#### Work order
When you copy the material below, keep every line exact and omit the pictures.

#### Recorded data
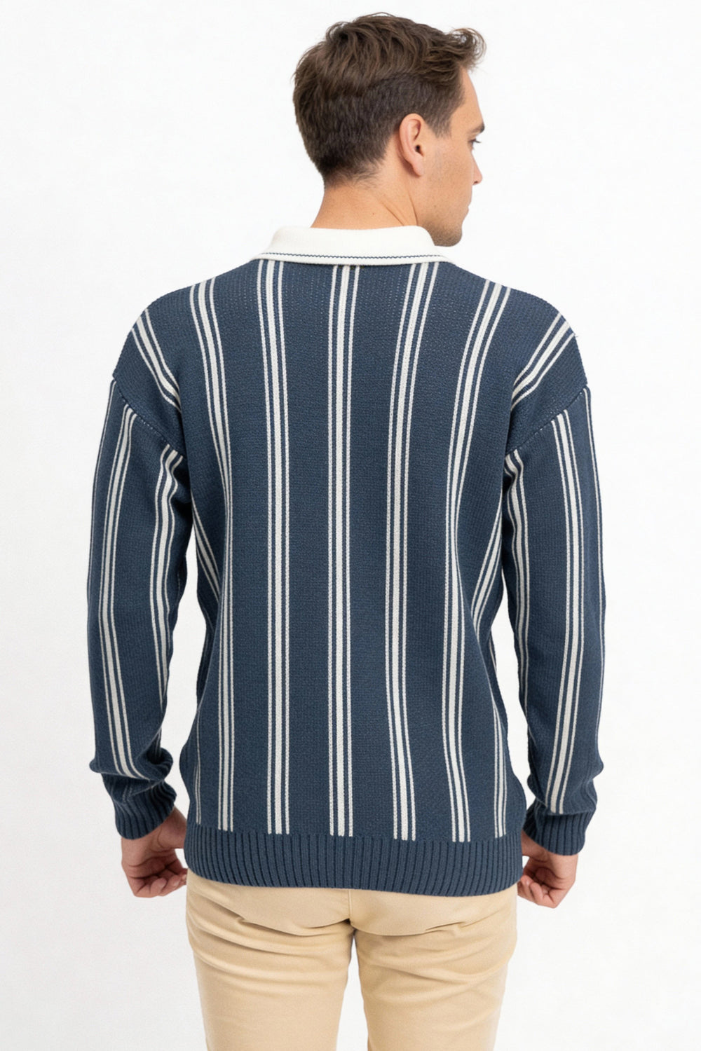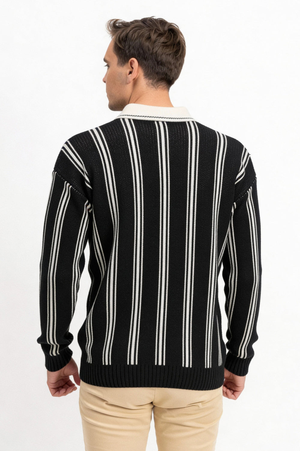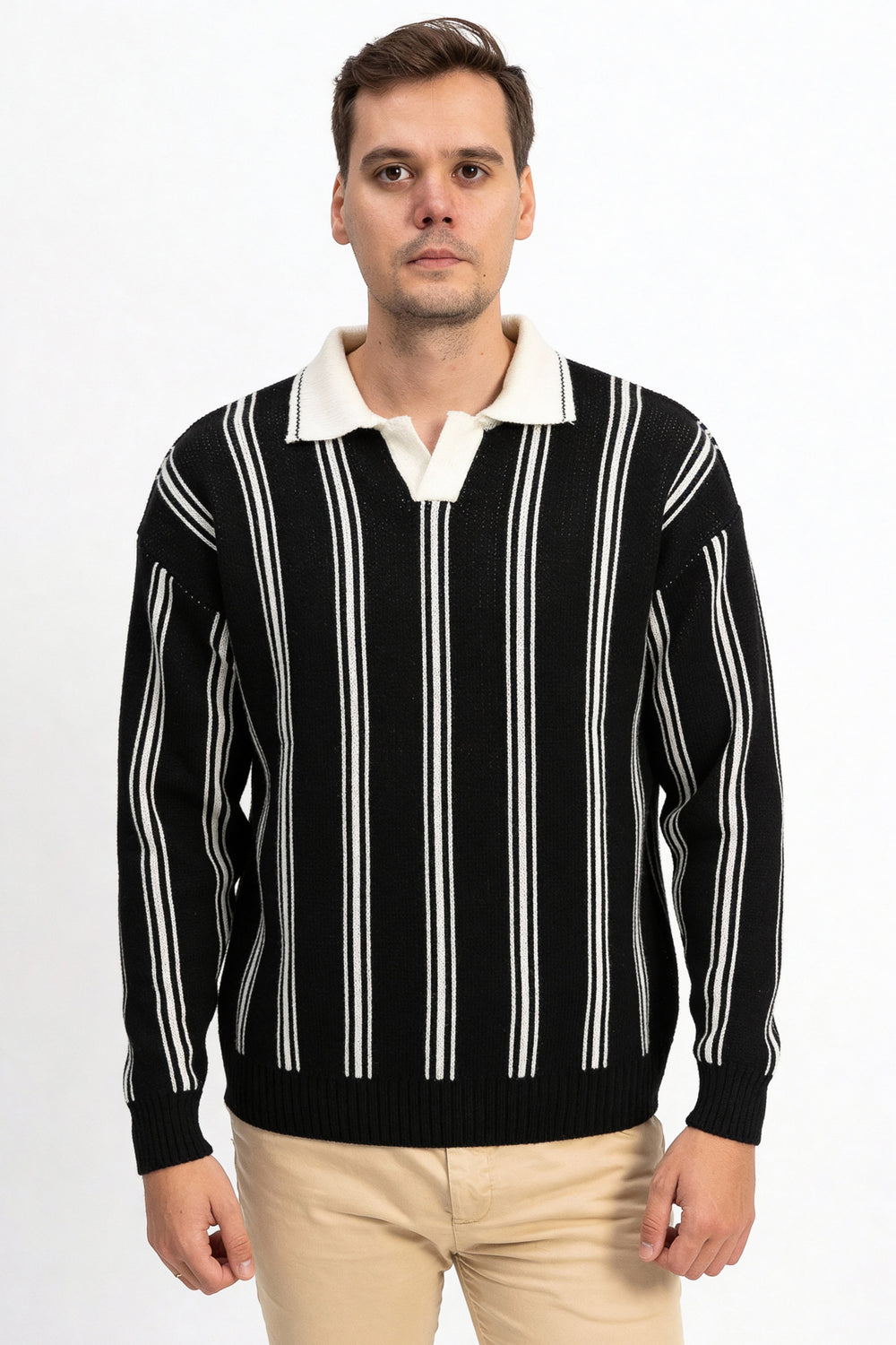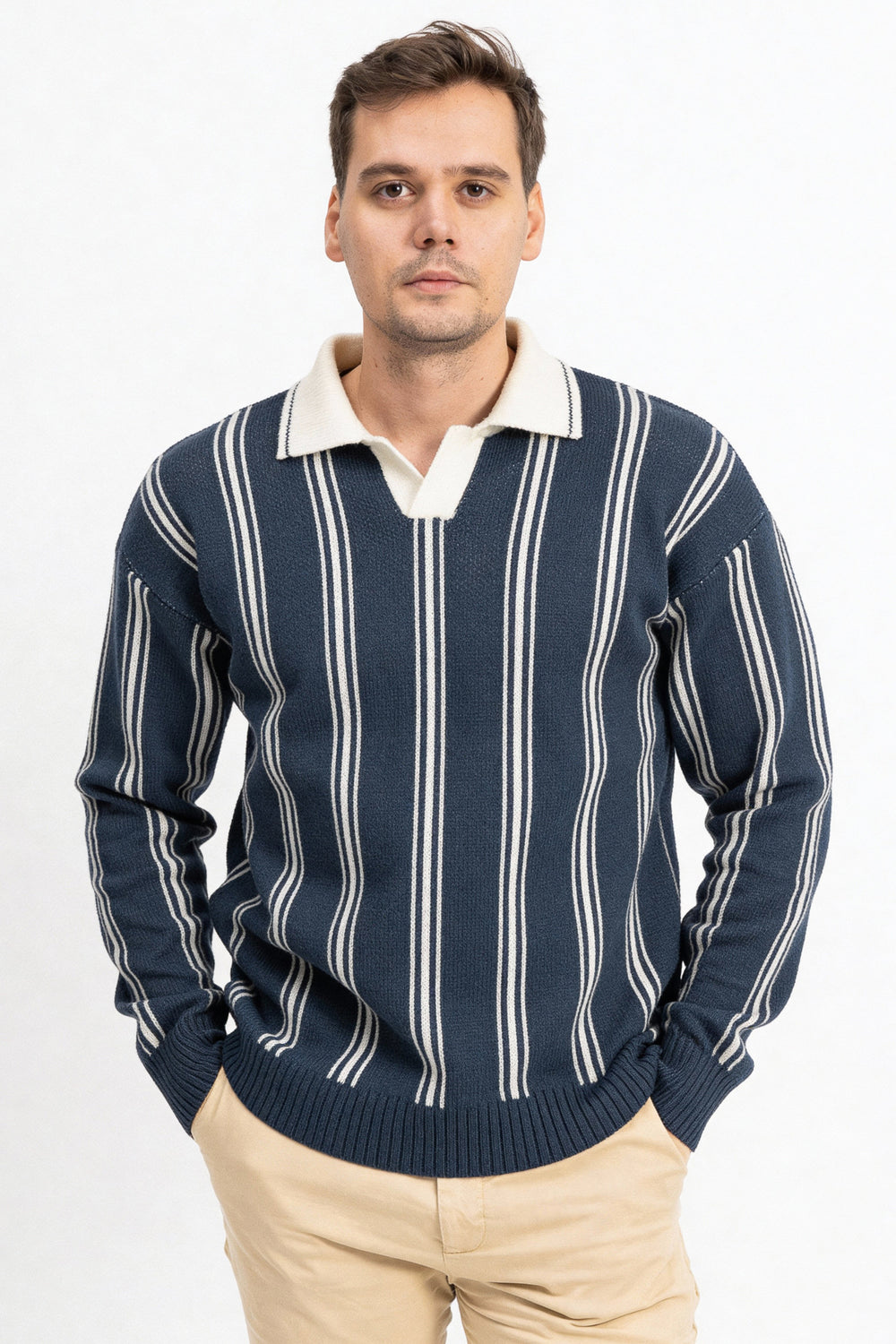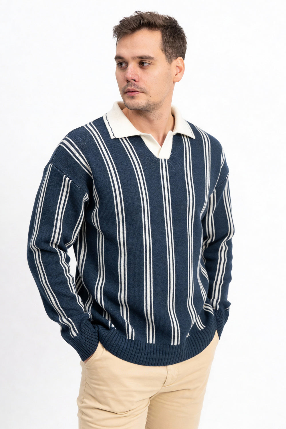Dikine çizgi dokusuyla hareket kazanan bu triko kazak, düğmesiz polo yaka formuyla genç ve modern bir görünüm sunar. Kalın yapısı soğuk havalarda sıcak tutarken, regular fit kalıbı gün boyu rahat bir kullanım sağlar.
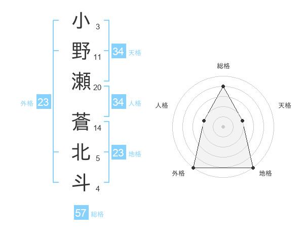 小野瀬 蒼北斗さんの総格は57画の4点!
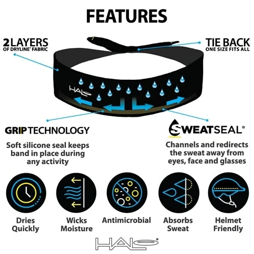 The Halo II Headband is Halo Headband’s best-selling headband. Featuring a classic elastic pullover design, the Halo II will fit any head comfortably to redirect sweat and moisture from your eyes and face. Featuring their patented SweatBlock Technology and Dryline® Fabric, these athletic sweatbands will keep up with your high performance training. The Halo II’s are great sweatbands for running, cycling, or virtually any other activity that will work up a sweat. They fit comfortably under helmets and are great headbands for men or women.
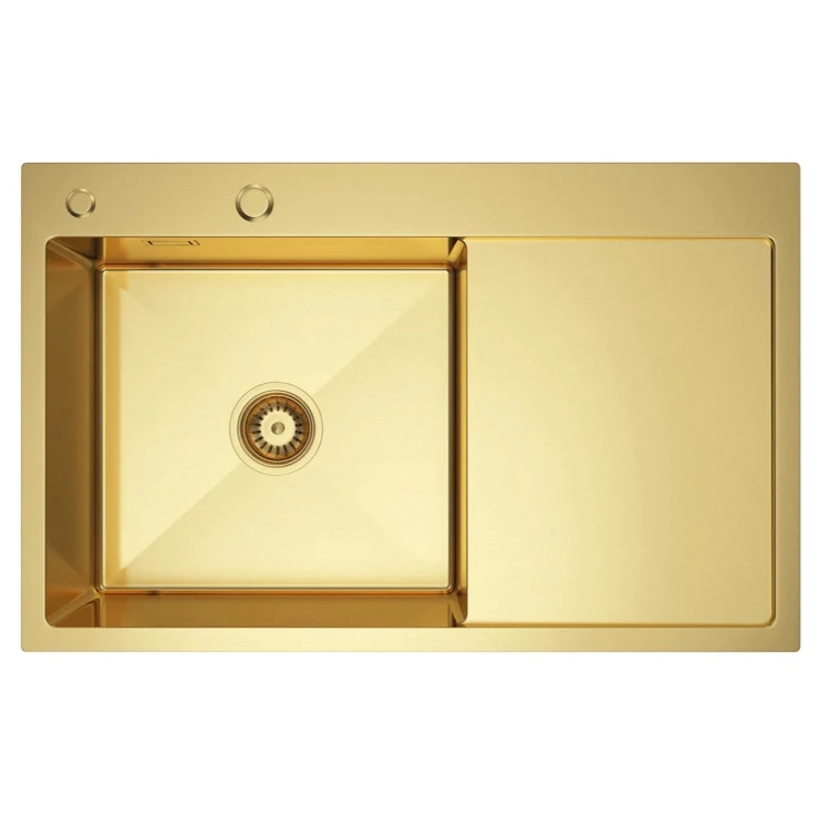 Denne køkkenvask i guld kombinerer elegant design, høj holdbarhed og praktisk funktionalitet til hverdagsbrug. Med målene 78×49 cm og en dybde på 210 mm tilbyder den en rummelig vask, der nemt rummer selv større gryder og køkkenredskaber.

#### Task response
Dikine çizgi dokusuyla hareket kazanan bu triko kazak, düğmesiz polo yaka formuyla genç ve modern bir görünüm sunar. Kalın yapısı soğuk havalarda sıcak tutarken, regular fit kalıbı gün boyu rahat bir kullanım sağlar.
 小野瀬 蒼北斗さんの総格は57画の4点!
 The Halo II Headband is Halo Headband’s best-selling headband. Featuring a classic elastic pullover design, the Halo II will fit any head comfortably to redirect sweat and moisture from your eyes and face. Featuring their patented SweatBlock Technology and Dryline® Fabric, these athletic sweatbands will keep up with your high performance training. The Halo II’s are great sweatbands for running, cycling, or virtually any other activity that will work up a sweat. They fit comfortably under helmets and are great headbands for men or women.
 Denne køkkenvask i guld kombinerer elegant design, høj holdbarhed og praktisk funktionalitet til hverdagsbrug. Med målene 78×49 cm og en dybde på 210 mm tilbyder den en rummelig vask, der nemt rummer selv større gryder og køkkenredskaber.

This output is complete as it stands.